A great inventing piece Con..:)
I had drinks with Edith once, but she swore never again after I licked my fingers then dipped them back in the honey-roasted peanut bowl.
" The bartender is like a dog who’s been rescued from an abusive home by the ASCPA; he flinches involuntarily at first, surprised that he’s not being beaten with his Old Mr. Boston Mixology book."

Great writing, Con. Love it.
Thanks. I'm reading the Modern Library edition of Wilson and every now and then he drops one of these little stinkbombs in the middle of a thoughtful essay on American Lit. It's why I love the big lug.
"Undine, my thumb!" he said excitedly.
. . . is a Siamese little . . . cat of a girl.
Con C.? Where you and editors from New York City out late`gin in a Boston Law Firm's P.U. truck picking up road kills`gin? Thank you. I an having trouble. Undine is She?
My mind can't image.
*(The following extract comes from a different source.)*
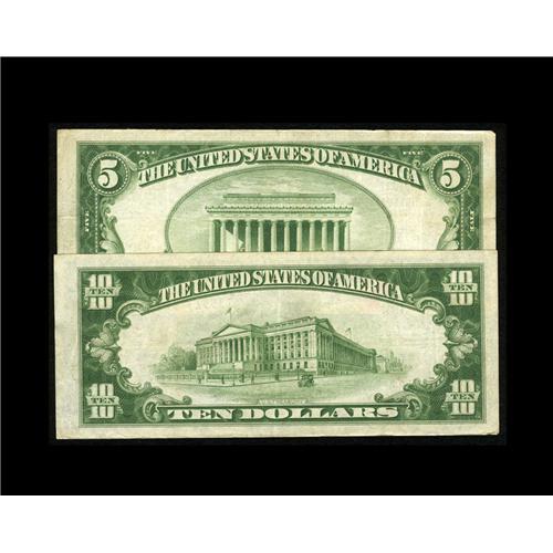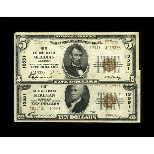 <B>Meridian, MS</B></I> - $5 & $10 1929 Ty. 2 <B>First NB</B></I> Ch. # 13551<BR>This evenly matched pair has excellent color and crisp paper quality. Both examples are <B>Very Fine-Extremely Fine.</B></I>
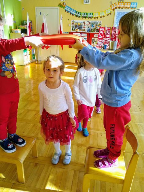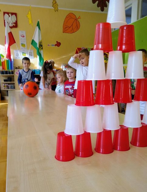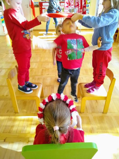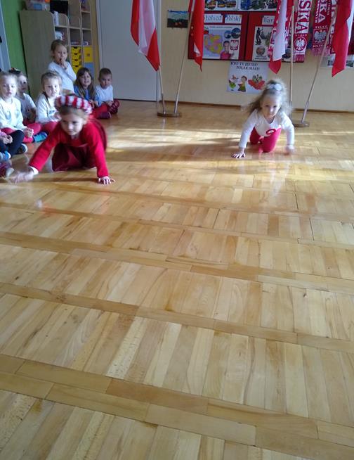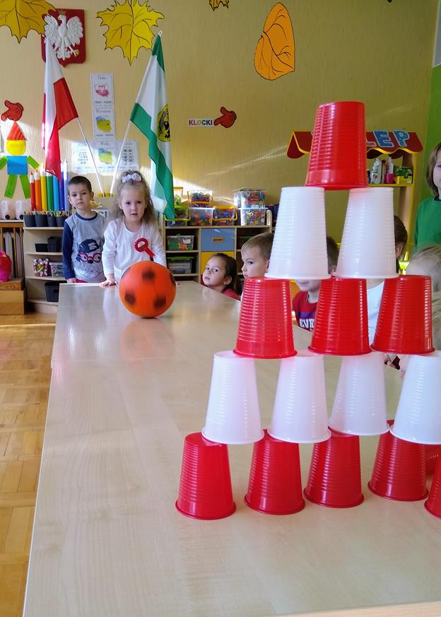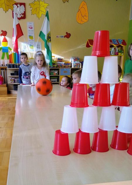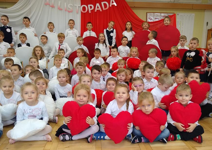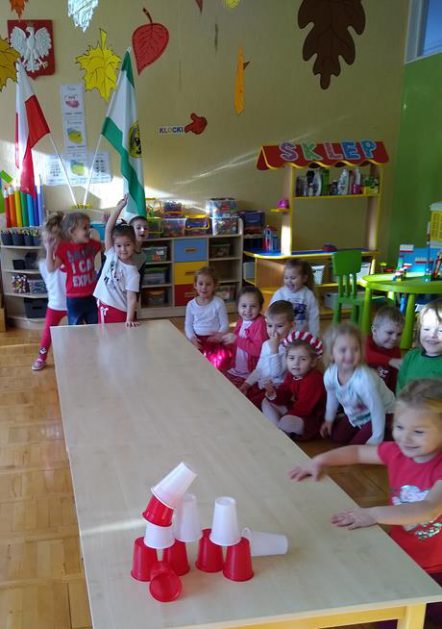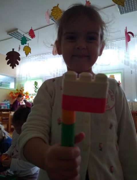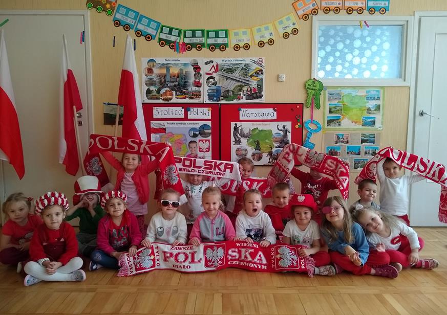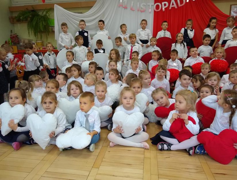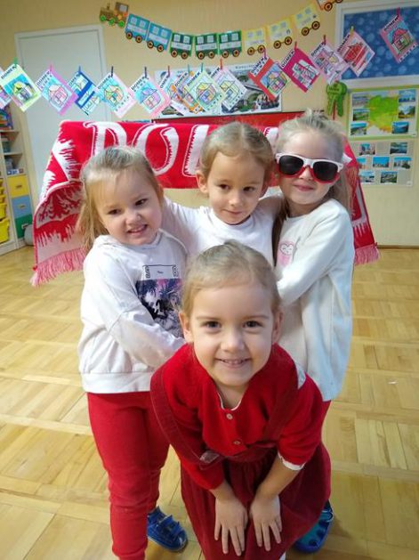 W ramach projektu „Piękna nasza Polska cała” 10 listopada w grupie 4 latków odbyły się zawody sportowe, pod hasłem: „Polska! Biało – Czerwoni! Stroje dzieci i rekwizyty nawiązywały do barw narodowych. Na początku wszyscy uczestnicy złożyli uroczystą przysięgę, że będą się świetnie bawić i rywalizować fair play . Były rożne konkurencje, m.in.: „Bieg piesków”, „Porządki”, „Jesienny wiatr”, „Kręgle”. Realizacja projektu odbywała się na wiele różnych sposobów: udział w uroczystej akademii z okazji święta 11listopada dla upamiętnienia odzyskania niepodległości przez Polskę w 1918, czy utrwalanie wiadomości poprzez dowolne czynności zabawowe dzieci – budowanie flagi Polski z rożnych klocków.

Loretta Young.
Is she bald, loopy, dizzy, and Kerry?
Oops . .
Earlier I had that "Square" appear `gin.
You are like Newt? Catholic Morel too?
One good news daily. You eat good grub.
I went the other way, an apostate.
I love all the things you bring into your pieces: the Loretta Young show, the Mickey Mouse Club, the thumb trick, goldfish crackers, and a fox head stole. It's like someone threw out a challenge to write a story about five unrelated things. I'm still laughing.
Unrelated? Hmm. I guess in my mind . . .

Never mind.
Ah yes, we've all known an Undine or two. Such fun to be with!
;-)
.
Too funny! You've done it again Con!